REQUIRED ACTION: Using the records that follow, reproduce exactly the lines starting at the line containing "May 30, 2012" and ending at the line containing "Figure 2. Relative". Include both end lines and no pictures.
(SUPPLIED MATERIAL Opens)
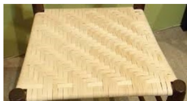
Flat reed woven seat
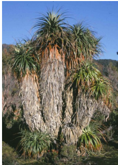
GJ Richea pandanifolia

nodding candleheath shrub to 2m high; leaves narrow, tapering to sharp point, to 6cm long; flowers creamy yellow, pendant, stamens 2cm long
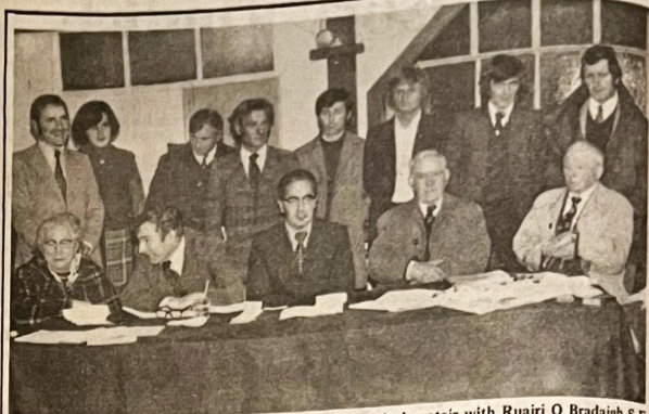
Officers of the newly elected North Kerry Comhairle Ceantair with Ruairi O'Bradaigh S.F. President and members of the Ardcomhairle at the A.G.M.

"The beleaguered people who have paid the price in blood, anguish and tears over the past seven and a half years must not be cheated out of the full fruits of their sufferings by those who would perpetuate the system of exploitation under a new and more acceptable guise. Sinn Féin will ensure that this does not happen and, for its part, Sinn Féin is prepared to meet and have discussions with any interest involved in the struggle".
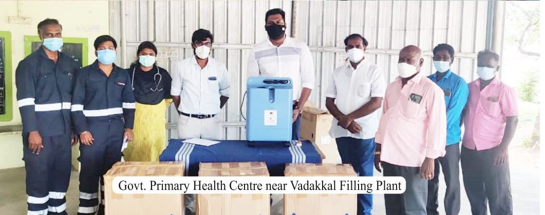
Govt. Primary Health Centre near Vadakkal Filling Plant
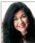
Åserud, Lise Scanpix Photographer
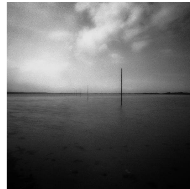
IV: St Cuthbert's Way, Holy Island, Northumberland

July 2013 Zero Image 2000 Ilford Pan F Plus
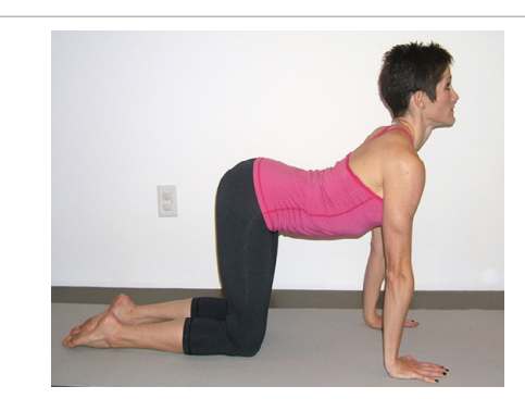
Figures 1: cow pose.

region should be avoided. In the absence of any contraindications and utilizing the proper cautions in patients with spine pain, it is evident that properly performed yoga postures are helpful in diminishing
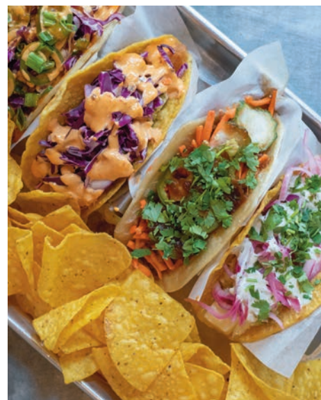
L-R: HOLY KALBI, AMY HATES FISH, BANH MIJO and LEBANESE BLONDE .

The LEBANESE BLONDE ($4.90) is a vegetarian taco that uses juustoleipä cheese as the primary protein. To bring it all together, it also has a citrus tabbouleh, pickled red onions and a creamy cilantro sauce. This was the most unique taco that I tried. The overall combination of flavors was good, and the tabbouleh was especially tasty. The grilled juustoleipä, however, has a richness that isn't quite cut by the delightful pickled onions
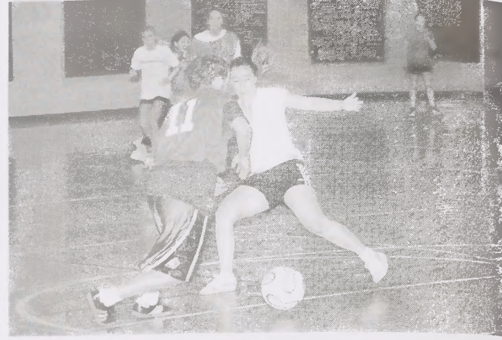
The indoor soccer regular season for both men's and co-rec ends on Nov. 18. The games will all be held in the health and fitness center.
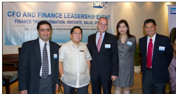
May 30, 2012 - InterContinental Manila CFO and Finance Leadership Event
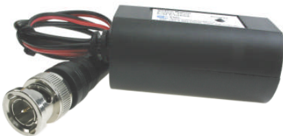
Power Through Video Balun BNC Male to RJ45 Jack with 300mm lead Part Number: E10524
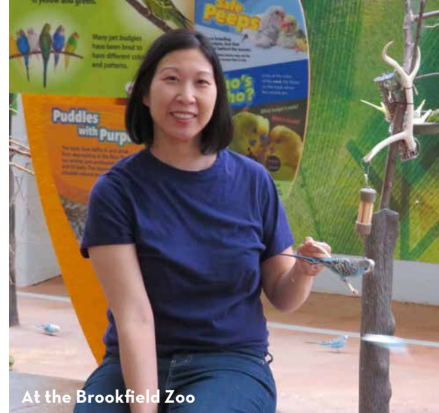
At the Brookfield Zoo
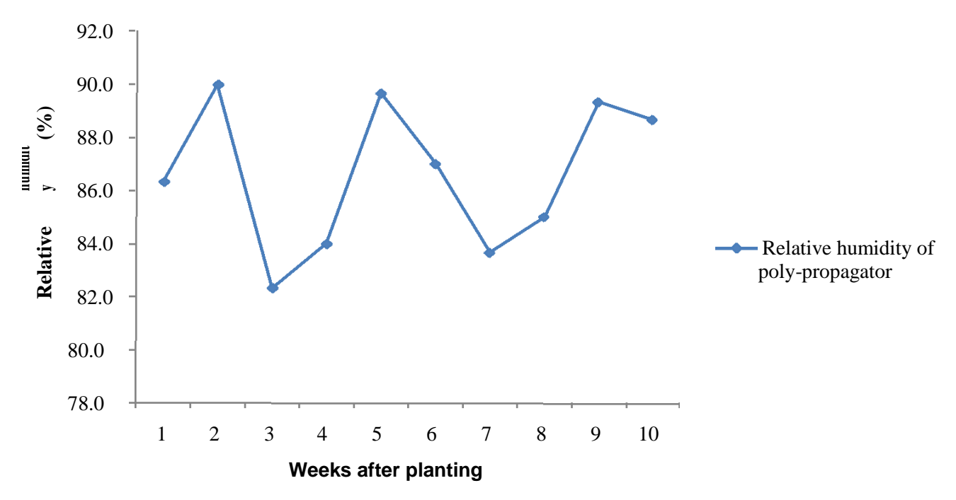
Figure 2. Relative humidity in poly-propagator over time.

media ranged from 23.0 to 34.0°C (Figure 1). Temperature was higher than that in the poly-propagator recorded across the media in the 4th week. By the 2nd. 5th and 9th week temperature of the different media had declined to that of the 1st week and below that of the poly-propagator. Further temperature decreases were observed up to the 10th week across the media and the poly-propagator. The different media recorded higher temperature values in the 4th week due to the low relative humidity conditions in the poly-propagator as a result of intense sunshine thereby trapping more heat. However, as the relative humidity in the ploy-propagator increased due to moderate rainfall from the 5th week of experimentation, the temperatures in the media dropped due to transpiration allowing temperatures in the polypropagator to increase.
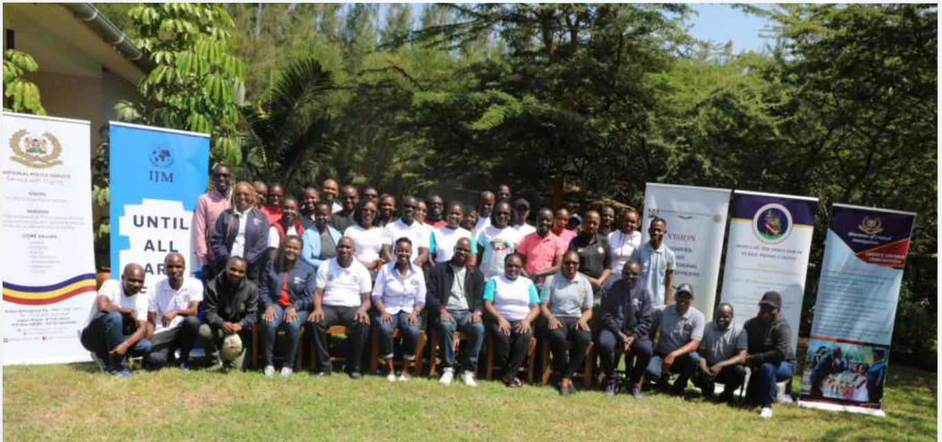
Participants take a group photo during the Inter agency Comms wellness workshop at Chaka Ranch, Nyeri County

On the 14th and 15th of June 2024, communication teams representing various Criminal Justice System (CJS) actors converged at Chaka Ranch in Nyeri County for a two-day workshop. The workshop was geared to promote cooperation among the communication teams and to explore the various areas of partnerships among the teams.
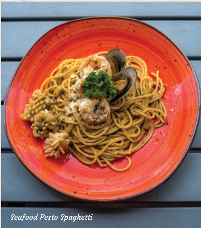
Seafood Pesto Spaghetti

With sautéed homemade pesto, mussels, squids and prawns
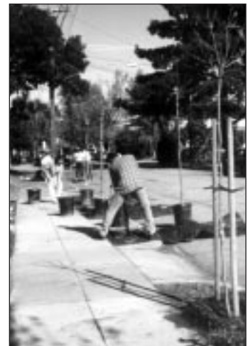
High Street planters dig the last hole for a row of sapling trees.
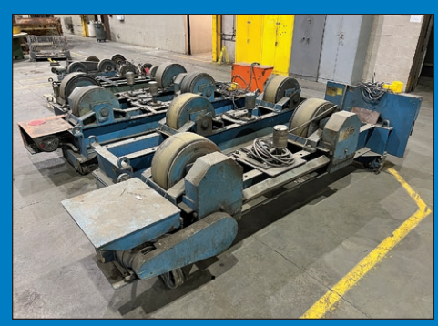
(2) 40 Ton Aronson WRD40 Tank Turning Roll Sets
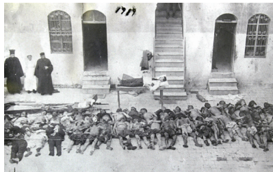
Victims of the "Great Slaughter" in Syrian city of Aleppo

● Massacre sites: Symbol size relates to scale of deaths
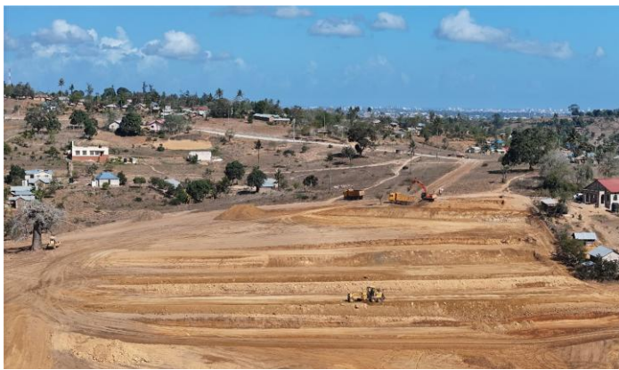
Ongoing site clearance at new Fulugani Primary school in preparation for commencement of construction works
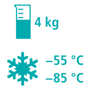
Alpha 1-4 LSCbasic Alpha 2-4 LSCbasic
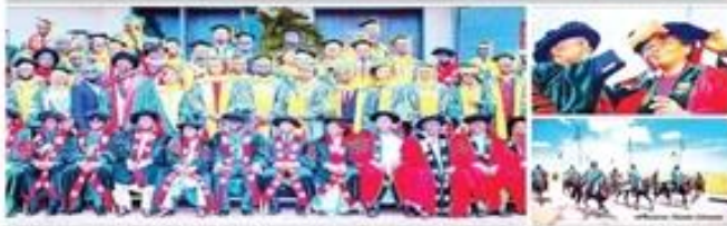
NDA convocation: Osinbajo advocates local manufacture of arms, ammunition
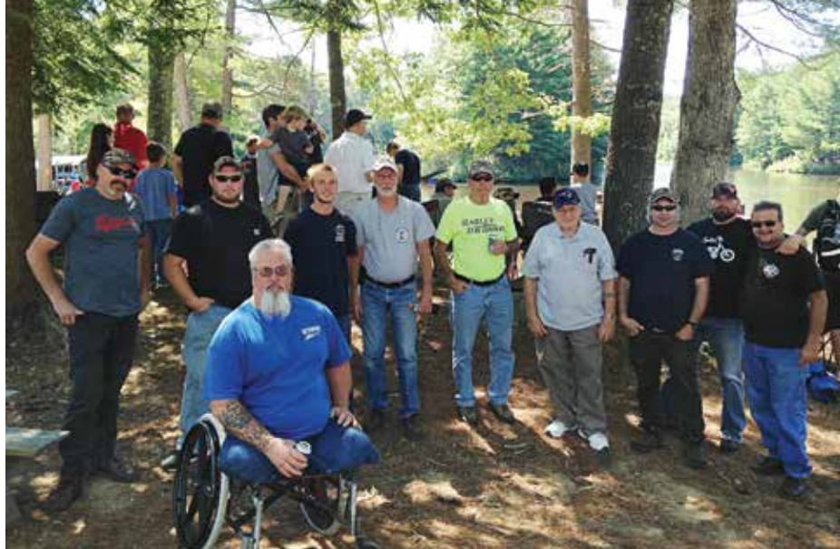
Members of the Easy Riders Snowmobile Club attend the annual water-skis in Union CT. Held every year for at least the last 25 years on the first Sunday in July and August. A club tradition that we try not to miss.

does, the Easy Riders will be ready with planned trips to our usual locations throughout Mass, Maine, New Hampshire and Canada. As a traveling club, we offer many different options for destinations to travel, and different riding styles.
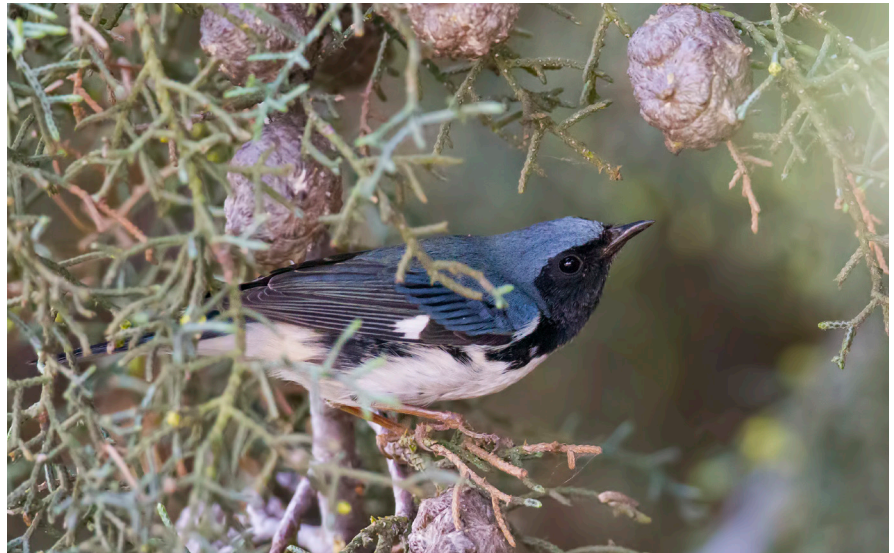
Black-throated Blue Warbler by Gail West

rows each winter are obviously different in appearance when compared to local populations. A Morphna type from the Pacific Northwest was found on 21 Oct along Guadalupe River below Trimble (SCR). The first Swamp Sparrow to arrive for winter was found along Adobe Creek on 14 Oct (TM) and seen again on 25 Nov (WBr). Another was found along Guadalupe River below Trimble on 21 Oct (SCR). The first White-throated Sparrow of fall arrived at Ulistac NA on 1 Oct (PDU). As many as three have been reported by several observers at that location, beginning on 4 Nov. Single Western Tanagers that might stay over winter were noted in the Willow Glen neighborhood on 22 Nov (BM) and along Guadalupe River in downtown San Jose on 30 Nov (KG). A dapper Rose-breasted Grosbeak was attracted to a yard in San Jose with feeders and a bird bath on 5 Oct (JMo). They are found in the county about three years in every five. A Bobolink was an excellent find in the dry lakebed of Lake Lagunita on 2 Oct (RFu). It was the first in the county since fall of 2011. All save one of the previous fifteen recorded have been seen for only one day. A Bullock's Oriole was found along the bay-side riparian section of Adobe Creek on 25 Oct (WGB). While most Bullock's Orioles head south for winter, a few do overwinter. A single Evening Grosbeak visited Lick Observatory on Mount Hamilton on 27 Oct (EGa). The irrup-
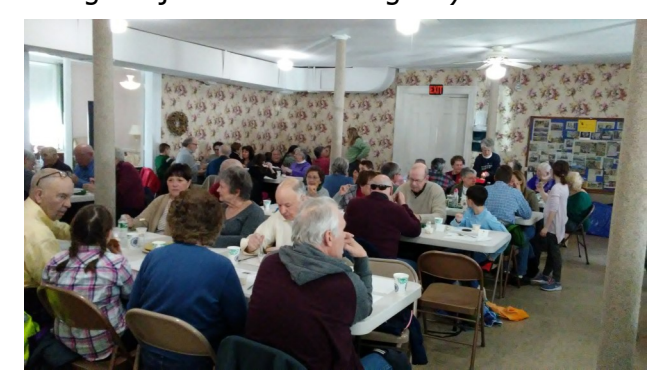
4th graders, grandparents and seniors at luncheon

About 93 people attended our luncheon on the 7th. This included the 4th graders and their teachers from WES, the students' grandparents and COA members. We were honored to have our Hampshire Regional School District superintendent also attend. After our luncheon, the members of the class entertained us with a variety of talents. Their performances are always amazing! The final performance this year was a 'synchronized swimming' skit by all the boys. (Luckily, no real water was in the skit, but they did a great job of entertaining us!)
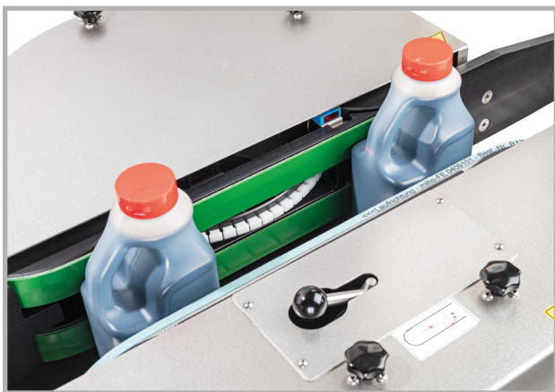
Example plastic containers: from food & beverage to homecare
(SUPPLIED MATERIAL Closes)
RESPONSE AREA:
May 30, 2012 - InterContinental Manila CFO and Finance Leadership Event
Power Through Video Balun BNC Male to RJ45 Jack with 300mm lead Part Number: E10524
At the Brookfield Zoo
Figure 2. Relative humidity in poly-propagator over time.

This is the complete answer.